Object/tuple forms are validated before the subprocess spawns (throws RangeError/TypeError on out-of-range or malformed values).

Result types

type OcrResult = {
  page: number          // 1-based page index (always 1 for images)
  pageCount: number     // total page count (always 1 for images)
  width: number         // display-oriented pixel width (honors EXIF orientation)
  height: number        // display-oriented pixel height
  text: string          // every observation's text joined by newlines
  observations: Observation[]
}

type Observation = {
  text: string                                          // best candidate
  confidence: number                                    // 0–1
  boundingBox: BoundingBox                              // normalized 0–1, top-left origin
  candidates?: { text: string; confidence: number }[]  // only when maxCandidates > 1
  requestRevision: number                               // Vision model revision
}

type BoundingBox = { x: number; y: number; width: number; height: number }

Bounding boxes are normalized 01, top-left origin.
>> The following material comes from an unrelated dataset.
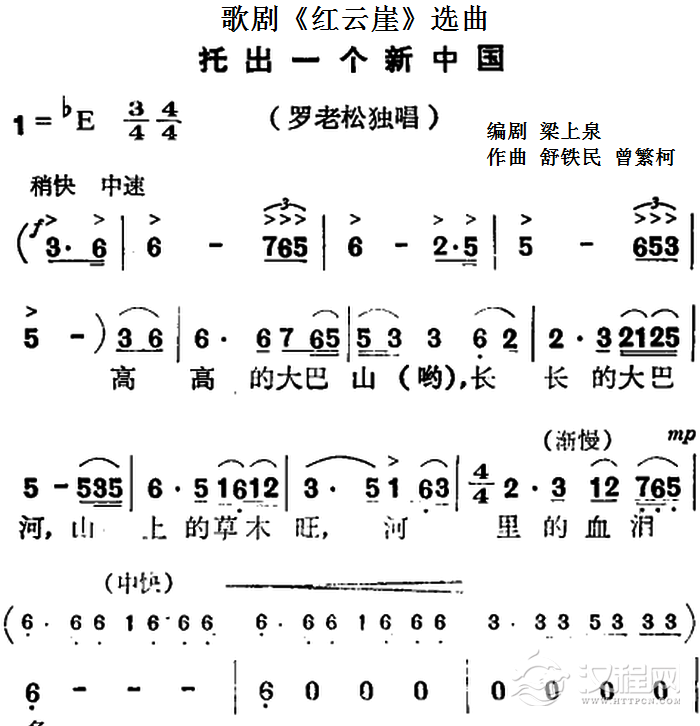 戏曲曲谱歌剧《红梅岭》全剧之第四场(山歌、三娃子唱段)

Convert to pixels by multiplying by the result's width/height — see Coordinates.

Errors

Failures throw a MacOcrError:

import { MacOcrError } from 'mac-ocr'

try {
  await ocr(bytes)
} catch (error) {
  if (error instanceof MacOcrError) {
    error.kind      // category — see below
    error.code      // machine-readable code from the CLI, when available
    error.exitCode  // process exit code, or null (signal/never-started)
    error.stderr    // captured CLI stderr
  }
}
kind When
usage Bad input/options (exit 64), or a multi-page PDF passed to ocr() (detected by the wrapper — exitCode is null)
unavailable A feature isn't available on this macOS version
runtime Recognition or I/O failure, or the binary was killed by a signal that wasn't your AbortSignal
internal An unexpected CLI failure
abort Cancelled via your AbortSignal — never anything else
spawn The binary couldn't be started
parse The binary's output couldn't be parsed, or pages were missing — ocr.pages() verifies every page announced by pageCount actually arrived

Cancellation

const controller = new AbortController()
setTimeout(() => controller.abort(), 5_000)
await ocr(bytes, { signal: controller.signal })   // rejects with MacOcrError, kind 'abort'

Tree-shaking

The package is side-effect free ("sideEffects": false), so a bundler's dead-code elimination keeps only what you import — e.g. importing just supportedLanguages won't retain the OCR or searchable-PDF code.

See the CLI reference for the underlying command behavior, output schema, and coordinate system.